··· Data supplied ···

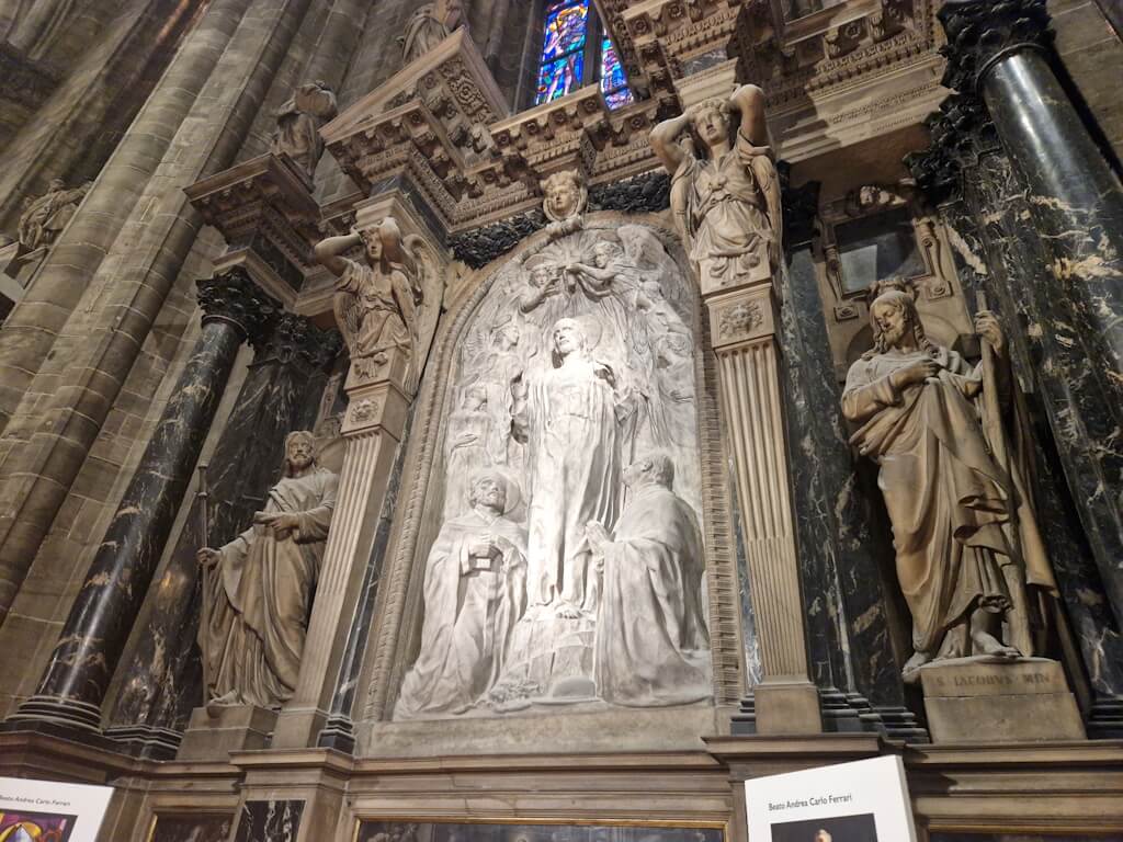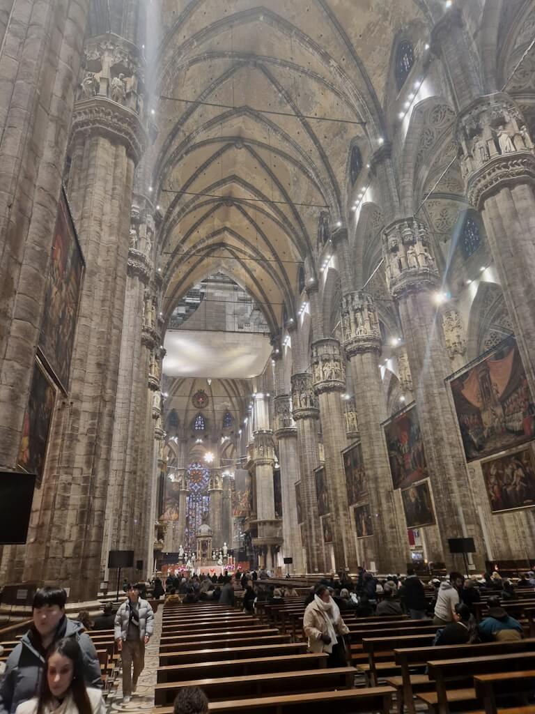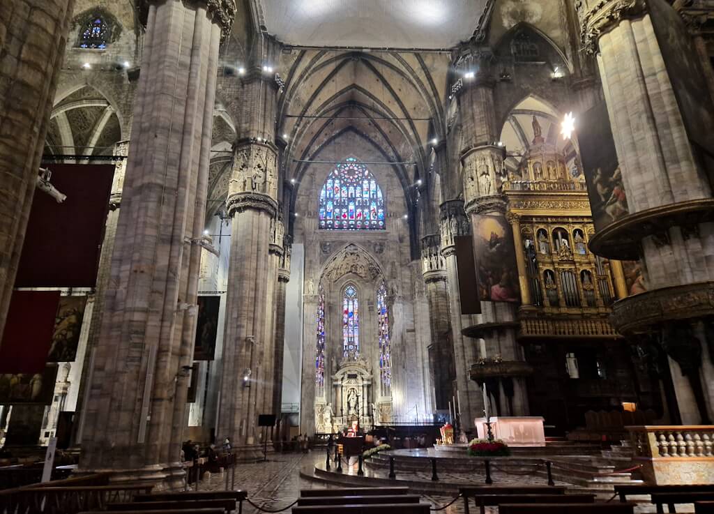 Der Dom war nie nur Repräsentationsbau, sondern stets religiöses Zentrum. Viele Kunstwerke im Inneren stehen im direkten liturgischen Zusammenhang. Reliquien, Altäre und Grabdenkmäler verweisen auf die kirchliche und politische Geschichte Mailands. Der Bau war mehrfach Schauplatz bedeutender Zeremonien. Kunst und Architektur verschmelzen hier zu einer Einheit. Skulpturen sind nicht bloß Schmuck, sondern strukturieren Perspektiven und Blickachsen. Der Raum ist inszeniert, ohne ins Theatralische abzugleiten.
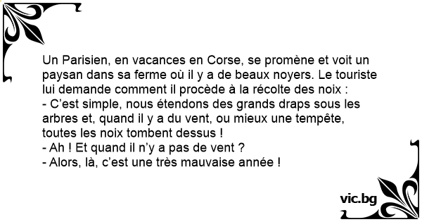 Un Parisien, en vacances en Corse, se promène et voit un paysan dans sa ferme où il y a de beaux noyers. Le touriste lui demande comment il procède à la récolte des noix :
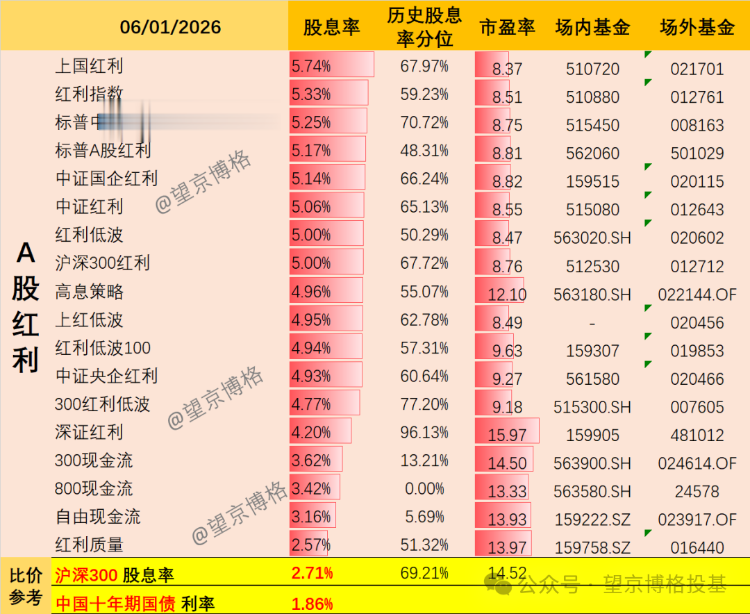 (下文有多个股息率表格)
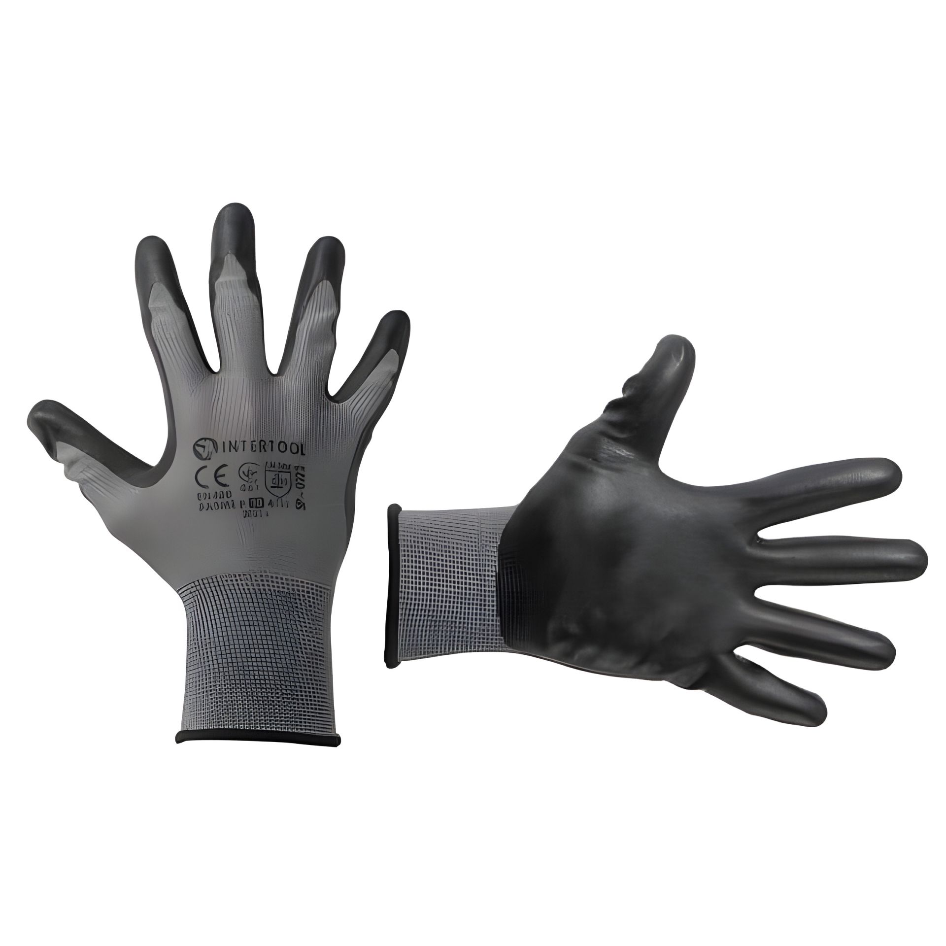 Рукавичка трикотажна з нітриловим покриттям на долоні, синтетична, сіра, 10" INTERTOOL SP-0122
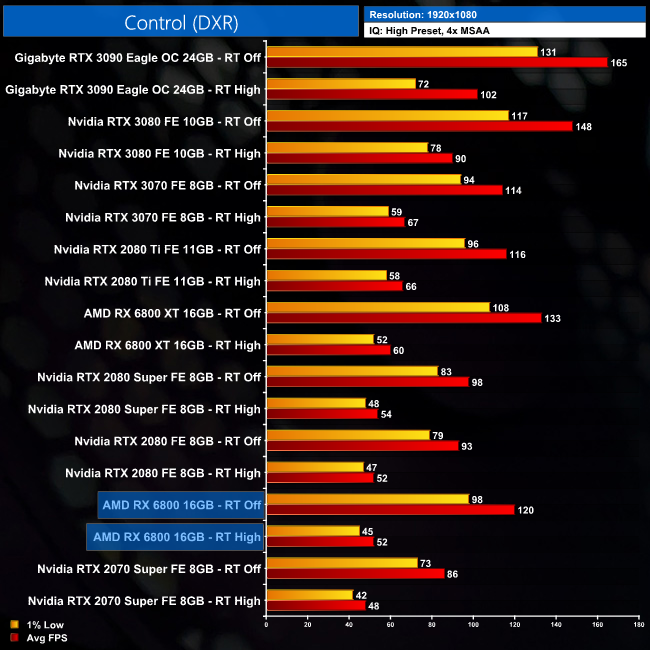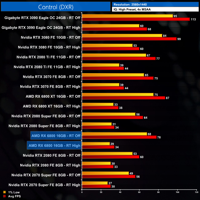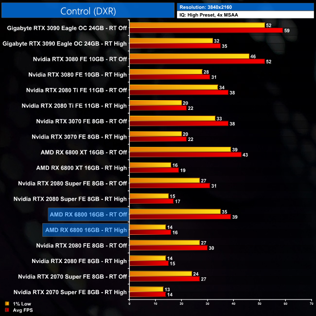 To assess the ray tracing performance of the RX 6800, we start with Control. This uses a number of ray traced effects and can be quite punishing. Here, the RX 6800 really only delivers a decent experience at 1080p, where it averages 52FPS with ray tracing at high settings. It averages 34FPS at 1440p, but the 1% lows dip down to 29FPS.

···

== Your instructions ==
Give back all entries exactly. No pictures belong in the copy.

== Answer to the exercise ==
 Der Dom war nie nur Repräsentationsbau, sondern stets religiöses Zentrum. Viele Kunstwerke im Inneren stehen im direkten liturgischen Zusammenhang. Reliquien, Altäre und Grabdenkmäler verweisen auf die kirchliche und politische Geschichte Mailands. Der Bau war mehrfach Schauplatz bedeutender Zeremonien. Kunst und Architektur verschmelzen hier zu einer Einheit. Skulpturen sind nicht bloß Schmuck, sondern strukturieren Perspektiven und Blickachsen. Der Raum ist inszeniert, ohne ins Theatralische abzugleiten.
 Un Parisien, en vacances en Corse, se promène et voit un paysan dans sa ferme où il y a de beaux noyers. Le touriste lui demande comment il procède à la récolte des noix :
 (下文有多个股息率表格)
 Рукавичка трикотажна з нітриловим покриттям на долоні, синтетична, сіра, 10" INTERTOOL SP-0122
 To assess the ray tracing performance of the RX 6800, we start with Control. This uses a number of ray traced effects and can be quite punishing. Here, the RX 6800 really only delivers a decent experience at 1080p, where it averages 52FPS with ray tracing at high settings. It averages 34FPS at 1440p, but the 1% lows dip down to 29FPS.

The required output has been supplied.